VANDENBERG AIR FORCE BASE, Calif. -- Command Chief Master Sgt. Richard Small, the command chief of Air Force Space Command, answers the questions of Airmen stationed at Vandenberg during a enlisted call on March 19. This is Chief Small's first visit to a base since being appointed as Chief of AFSPC. (U.S. Air Force photo/Airman 1st Class Christian Thomas)

VANDENBERG AIR FORCE BASE, Calif. -- Command Chief Master Sgt. Richard Small, the command chief of Air Force Space Command, answers the questions of Airmen stationed at Vandenberg during a enlisted call on March 19. This is Chief Small's first visit to a base since being appointed as Chief of AFSPC. (U.S. Air Force photo/Airman 1st Class Christian Thomas)

VANDENBERG AIR FORCE BASE, Calif. -- Enlisted Airmen crowded the base theater to hear the command chief of Air Force Space Command as he addressed Airmen at an enlisted call here Thursday.

Chief Master Sgt. Richard Small, who arrived in AFSPC after being the command chief of the 9th Air Force, came to Vandenberg on his first official visit to the base to meet the Airmen, NCOs and senior NCOs responsible for operating and maintaining the West Coast's only space launch facility.

"There are a lot of dedicated Airmen at Vandenberg," Chief Small said. "Their everyday work is helping to ensure that the United States remains dominant in space, and for that we, as a nation, are indebted to them."

The chief included a wide range of topics at his enlisted call covering in-lieu-of deployments, expectations of Airmen in the command and his first impressions of the base. The chief got an up-close look at some of the driving forces behind Vandenberg.
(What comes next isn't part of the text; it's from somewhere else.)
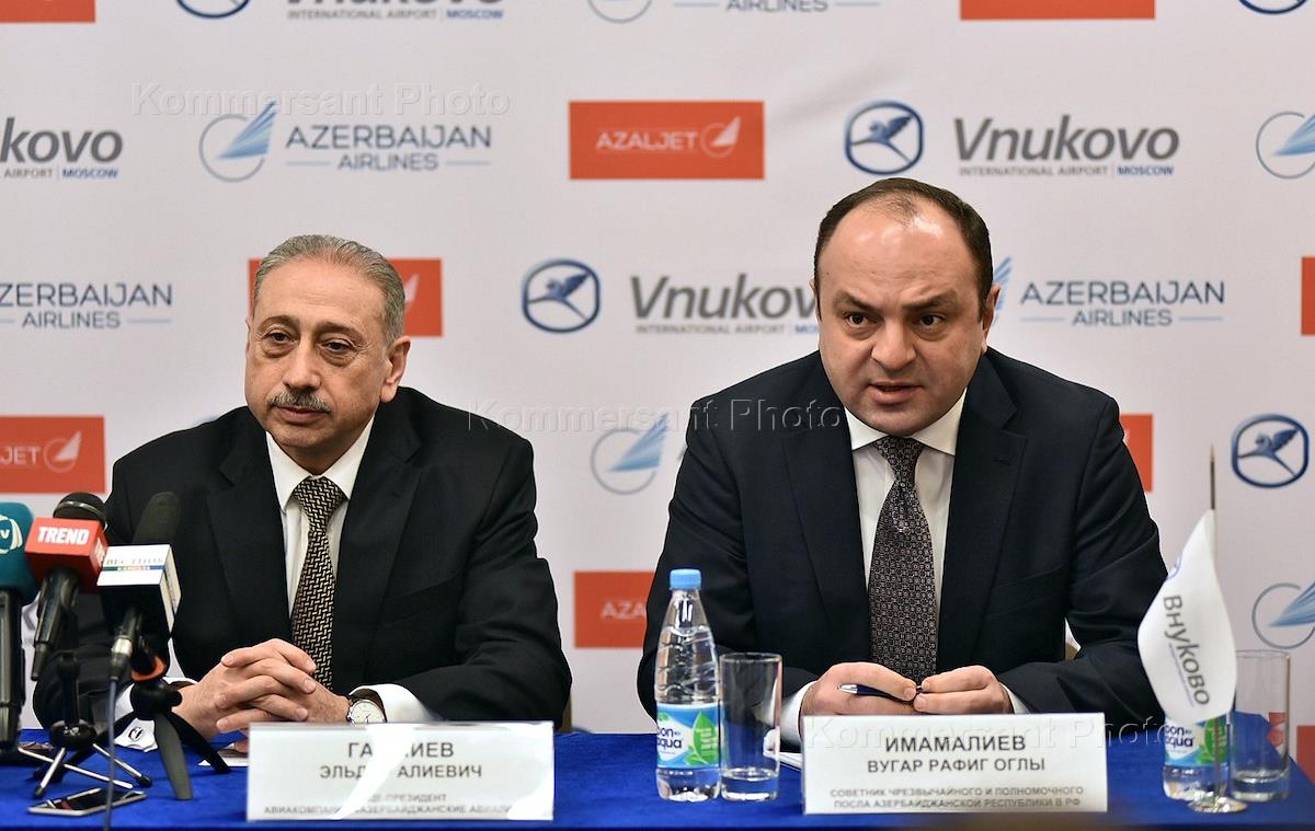Пресс-конференция "Перспективная программа полетов авиакомпании AZAL "Азербайджанские авиалинии" в аэропорт Внуково в 2017 году". Вице-президент авиакомпании AZAL Эльдар Гаджиев (слева) и советник по экономическим вопросам посольства Азербайджанской республики в России Вугар Имамалиев (справа) во время пресс-конференции.

The chief also talked about the installation's unique mission and its importance to the Global War on Terror.

"During my visit I have heard the term 'space-enabled warfighter,' and I like that," Chief Small said. "The term encompasses what Airmen here are doing."

The chief stressed the importance of leadership protecting its assets. Any organization the size of the Air Force will have a finite supply of resources, whether it is money or people, he said. It is important for people at all levels to practice being good stewards of the resources we are given.

"I expect our Airmen to give a hundred percent every day, not only in your job but, (to) better yourself as a leader and a follower," the chief said. "It is important for our Airmen to be able to support the command above them as well as lead the Airmen below them."

Chief Small not only updated Vandenberg Airmen on issues important to the command and enlisted leadership, but encouraged them to hit the history books.

"I think it is important for every Airman to continue his or her education, especially in history" he said. "I would encourage any Airman to pick up a biography about those military members who have served before them. The insight they gain will help them in life and maybe on the battlefield."

Chief Small toured the base's facilities, dined with some of Vandenberg's most outstanding Airmen and NCOs, and broadened their experience by providing insights developed and honed in his more-than 24 years of service.

"Chief Small was very insightful," said Airman Kenneth Francisco, a 30th Logistics Readiness Squadron vehicle operator. "As an Airman it is always beneficial to learn from someone who has been so successful in their career."